La FDA ha aprobado dos vacunas de mRNA (messenger RNA) contra el RSV, una de Moderna y otra de GSK. El comisionado afirmó que el gobierno debería financiar la investigación en áreas con financiación insuficiente, como afecciones a medida y enfermedades raras, ámbitos que han quedado fuera del foco de la medicina moderna.
El U.S. Department of Health and Human Services tomó en agosto la decisión de reducir gradualmente las actividades de desarrollo de vacunas de mRNA en su unidad de investigación biomédica. Esto se produjo tras la terminación, por parte del HHS en mayo, de más de $700 millones en financiación a Moderna para desarrollar una vacuna de mRNA para proteger contra patógenos con potencial pandémico, incluida la gripe aviar, que había desencadenado un gran brote en vacas lecheras que estaba infectando a trabajadores.

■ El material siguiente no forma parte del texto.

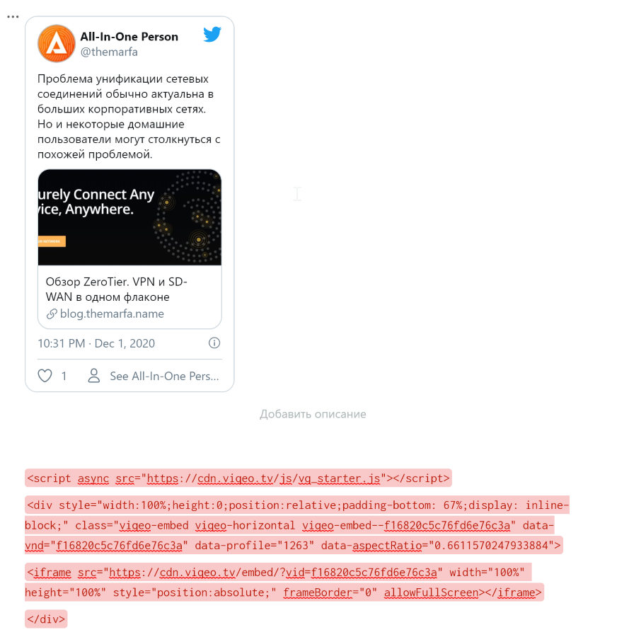 В сам текст можно добавлять видео и изображения, а также медиа из популярных социальных сетей. А для большинства языков программирования поддерживается подсветка синтаксиса.

Moderna informó ingresos del cuarto trimestre de 2025 de $678 millones, en el extremo alto de las expectativas previas de la Compañía, impulsados principalmente por las ventas de vacunas contra la COVID. Las ventas de productos fueron de $264 millones en EE. UU. y $381 millones en mercados internacionales. Los ingresos del cuarto trimestre disminuyeron un 30% en comparación con el mismo periodo de 2024, reflejando principalmente un menor volumen de ventas de la vacuna contra la COVID frente al periodo del año anterior.
Los ingresos totales del año completo 2025 fueron de $1,9 mil millones, un 40% menos que en 2024, con la mayor parte generada por ventas de la vacuna contra la COVID, además de $126 millones de otros ingresos. Los ingresos en EE. UU. totalizaron $1,2 mil millones, mientras que los ingresos de los mercados internacionales fueron de $745 millones.
Los gastos de investigación y desarrollo del cuarto trimestre de 2025 fueron de $775 millones, una disminución del 31% frente al mismo periodo de 2024. La reducción se debió principalmente a menores costos de desarrollo clínico y fabricación, lo que refleja la disminución gradual de grandes programas respiratorios de fase 3, la priorización continua de la cartera y la disciplina de costos en toda la organización. La compañía redujo sus gastos operativos anuales en aproximadamente $2,2 mil millones en 2025, superando significativamente sus objetivos de reducción de costos.
La pérdida neta fue de $826 millones en el cuarto trimestre de 2025, en comparación con una pérdida neta de $1,1 mil millones en el cuarto trimestre de 2024. La pérdida por acción fue de $2,11 en el cuarto trimestre de 2025, frente a una pérdida por acción de $2,91 en el cuarto trimestre de 2024. La pérdida neta del año completo fue de $2,8 mil millones con una pérdida diluida por acción de $7,26.
La Compañía anunció que su solicitud para la vacuna contra la influenza fue aceptada para revisión regulatoria en la UE, Canadá y Australia. La Compañía recibió una carta Refusal-to-File de la U.S. FDA y ha solicitado una reunión de Tipo A para comprender el camino a seguir. La Compañía también anunció que su ensayo de fase 3 para Norovirus completó el reclutamiento, con una lectura de datos prevista en 2026, y anunció la inscripción completa del ensayo de fase 2 de intismeran autogene en cáncer de vejiga músculo-invasivo.
Moderna inicia el año con tres productos aprobados, Spikevax, mNEXSPIKE y mRESVIA, y se espera que las vacunas estacionales aporten hasta un 10% de crecimiento de ingresos en 2026. La Compañía anunció recientemente acuerdos a largo plazo con México y Taiwán para vacunas respiratorias, recibió aprobaciones regulatorias en Canadá y Australia para mNEXSPIKE, y la vacuna Spikevax actualizada para la cepa fue autorizada en el Reino Unido para su uso en la campaña de vacunación de primavera.